Василиса Григорьевна не обращала внимания на мелкие неурядицы. После свадьбы помогла с оплатой съемной квартиры. Молодые хотели жить отдельно. И она не препятствовала.
Через год после свадьбы Степан с Леной вернулись в родительскую квартиру. Сначала это выглядело как временная мера — снимать жилье дорого, а Лена ждала ребенка и не могла работать. Василиса Григорьевна без колебаний освободила большую комнату и перебралась в гостевую.

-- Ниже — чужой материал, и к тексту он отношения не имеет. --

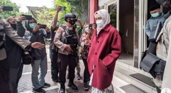 JAKARTA–Bupati Probolinggo Puput Tantriana Sari bersama suaminya yang merupakan Anggota DPR RI Hasan Aminuddin tiba di Gedung Komisi Pemberantasan Korupsi (KPK), Jakarta,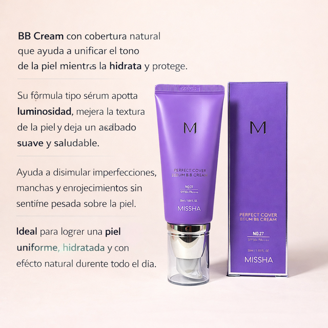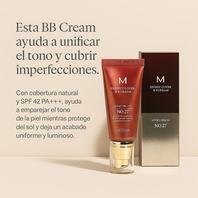 ✨ BB Cream Missha Perfect Cover 💄 Unifica el tono, cubre imperfecciones y rojeces, hidrata y protege del sol con SPF 42 PA+++. Acabado natural, piel luminosa y aspecto impecable todo el día 🤍✨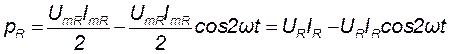 Исследуем энергетические процессы в цепи с резистором. Мгновенная мощность рR на резисторе R определяется по формуле:
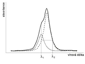 In the simplest case, it is necessary to determine the concentration of one substance, while its absorption spectrum (dotted in the figure) overlaps the spectrum of another substance present in the sample (dashed). By measuring the sample, we obtain a spectrum that is the sum of both absorption spectra (solid line). Even if we know that the measured substance has an absorption maximum at the wavelength λ1 , we cannot determine its concentration directly, because at this wavelength the absorbance of the other substance cannot be neglected. However, if we know the shape of the absorption spectrum of the second substance, we can find the wavelength at which it absorbs the same as at the wavelength λ1 (let's call it λ2), i.e. the extinction coefficient is the same for λ1 and λ2. Then the absorbance of the determined substance itself will be
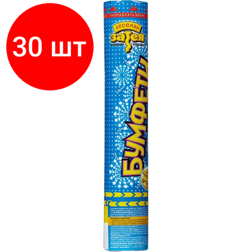 Внимание! Товар продается комплектом:[Хлопушка Бумфети 30см конф фольг золото 1501-1780] X 30 шт. Пневматическое устройство, абсолютно безопасное, предназначено для использования в помещении и на улице, дальность выстрела 6-8 м. Корпус изделия "Бумфети" состоит из двух частей: пневматического баллона со сжатым воздухом и картонного цилиндра с наполнителем. Баллон изготовлен из металла, надёжен и безопасен при хранении и в использовании, обладает высокой прочностью, чтобы выдержать давление воздуха. Выстреливает конфетти из золотой фольгированной бумаги. Веселье гарантировано! Размер изделия: 30 см.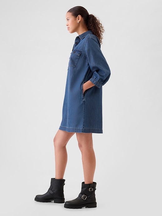 - Soft denim pullover mini shirtdress.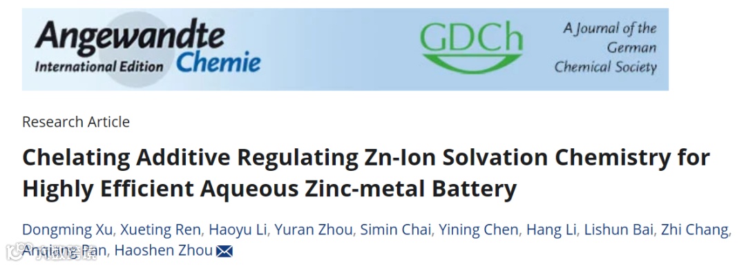 近日,来自中南大学常智教授、潘安强教授与南京大学周豪慎教授合作,在国际知名期刊Angew上发表题为“Chelating Additive Regulating Zn-Ion Solvation Chemistry for Highly Efficient Aqueous Zinc-metal Battery”的观点文章。该观点文章发现具有双溶剂化位点的N-乙酰基-ε-己内酰胺(N-ac)作为锌离子电池电解液添加剂时可以极大抑制AZMB中常见的与活性水有关的严重副反应。基于添加剂改性的电解液的锌金属电池实现了优异的库仑效率与循环寿命。

— Это ненадолго, мамочка, — уверял сын, помогая переносить вещи. — Как только малыш появится и Лена выйдет на работу, мы обязательно найдем что-то свое.
— Да не переживай ты так, — отмахнулась Василиса Григорьевна, взбивая подушки на новом месте. — Главное, чтобы внуку было хорошо.
Месяцы складывались в годы. Родился Максимка, потом Аня. Лена так и не вышла на работу — дети требовали постоянного внимания. Василиса Григорьевна превратилась в бесплатную няню, готовила, стирала, убирала за всеми. Диван незаметно стал ее постоянным местом сна. А большая часть пенсии уходила на содержание разросшейся семьи.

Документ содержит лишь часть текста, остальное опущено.